The American ambassador to Israel, David Friedman, recited the “Sheheheyanu,” prayer, which is said on momentous occasions, and remarked that in the Book of Deuteronomy, God tells the Jewish people to choose life. Why life and not wisdom or truth? he asked. Choosing life, he said, means appreciation for the holiness and value of every human being, and the medical school was advancing life itself.
The med school’s 70 students – of 662 applicants, as the administration took pains to mention – are attending class for now in the natural sciences building, because the medical school’s own building on the campus in the West Bank settlement is not finished.
The classroom was strewn with backpacks, water bottles and new white doctors’ smocks, a gift to the students. By the early afternoon, the students had finished a class in histology – the study of cells, tissues and organs. They took the opportunity during a break to get to know one another and talk about housing options.
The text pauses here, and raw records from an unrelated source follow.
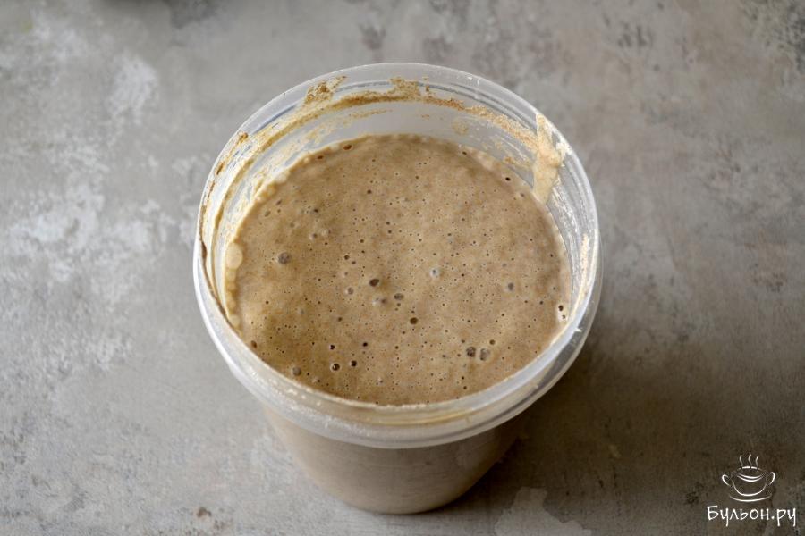 4. В ржаную закваску (150 мл.) влейте теплую воду (100 мл.) и добавьте ржаную муку (2 ст. л). Оставьте ее для подъема. Если закваска качественная, то для ее подъема понадобится примерно 2,5 - 3 часа. На пике подъема закваску можно использовать для выпечки.
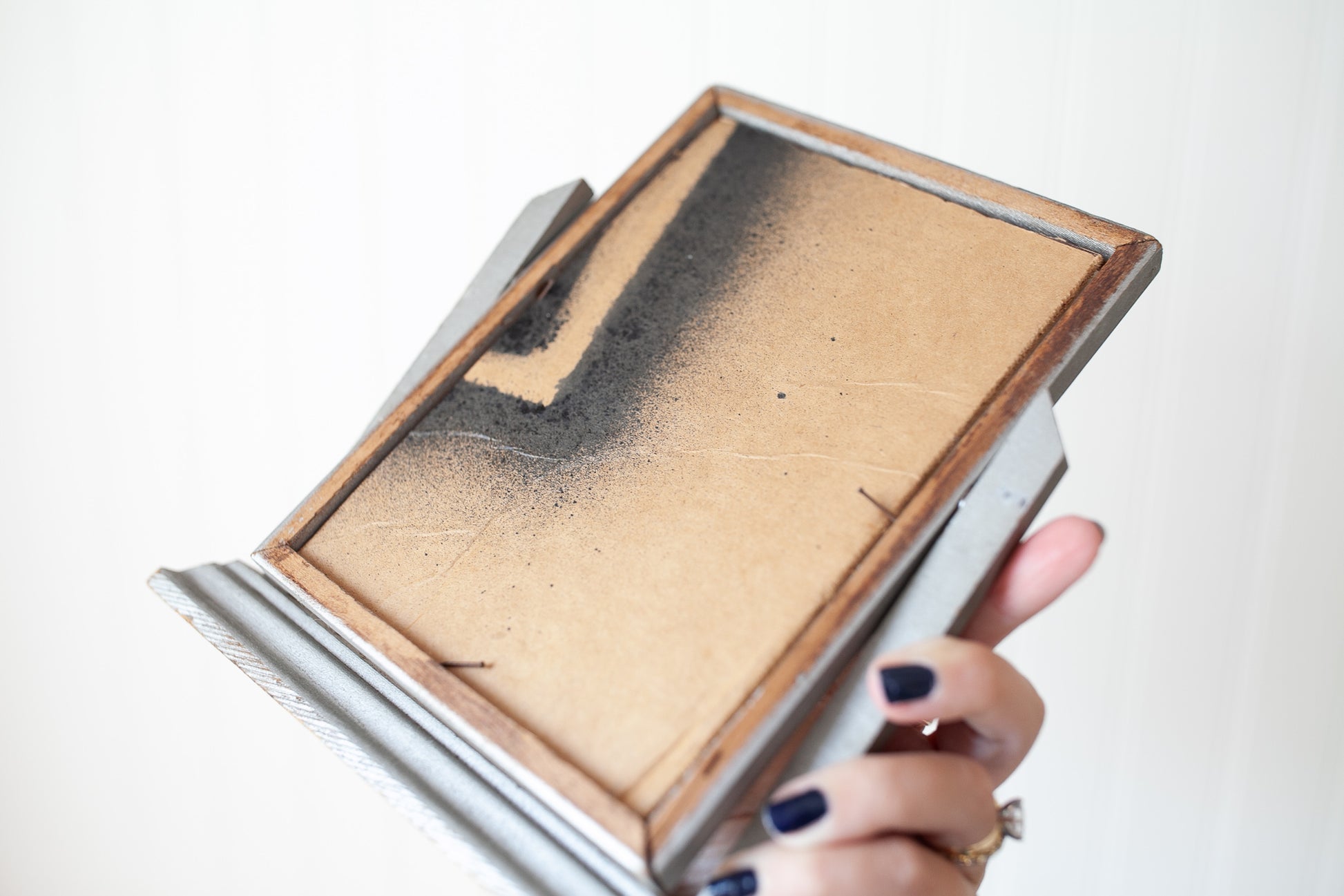 8.5" wide by 8.75" tall- this is a paper floral with vibrant flowers inside a wood frame that was printed silver.
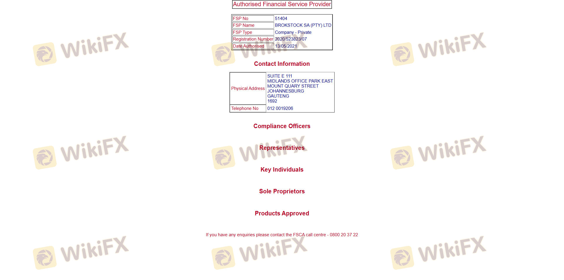 Brokstock beroperasi di bawah pengawasan Financial Sector Conduct Authority (FSCA) di Afrika Selatan. Regulasi sangat penting dalam industri trading untuk memastikan broker mematuhi standar keuangan dan praktik etika, sehingga melindungi kepentingan trader.

“The class was interesting,” said Reut, 23, who wants to specialize in either oncology or gynecology. “I recently had to visit hospitals under unfortunate circumstances and I know that I’m interested in patient care.”
“I would have gone to study there even if the department had opened in Gaza,” joked Zahavit, a 30-year-old student, who has a bachelor’s degree in medical sciences from Tel Aviv University. She appeared rather satisfied so far.
Her friend Na’ama said Ariel was her first choice. “They said it would be a fun experience. The people are nice and it’s beautiful here.”
Na’ama and Zahavit are still living in Tel Aviv, but it’s clear to them that they will have to find an apartment in Ariel, because, as they put it, the schedule barely leaves them time to breathe.
There was a lot of tension over the summer, Zahavit said, expressing regret that the medical school couldn’t open last year, as the Ariel University administration had originally planned. “Many of us could have started last year,” she remarked.
The influence of Yigal Cohen-Orgad, Ariel University’s chancellor until his death two months ago, could be felt throughout the festive opening ceremony. He was mentioned frequently in both casual conversation and speeches.
Projecting a different image
Journalists were not officially invited to the medical school opening because university officials were concerned that there might be last-minute glitches, but reporters came in any event. The university is trying to fight its reputation as a “settler” institution and has noted that there are students from all over the country, Jews and Arabs, religious and secular.
A scent of marijuana wafted through the air, and a university source made incidental mention of a survey that a third of the university’s students acknowledged having used such soft drugs. Rather than being embarrassed over the finding, it was seen as evidence of how normal the university was.
Outside the science building, on the lawn, it did indeed appear like a typical first day at a university – with inexpensive beer in disposable cups, a table with gifts to the students from the Student Union, a blood-donation stand and lively music.
The student activity stands were strikingly diverse – including the right-wing group Im Tirzu next to Ofek, which is identified with the Labor Party, and the religious studies department alongside an LGBT group.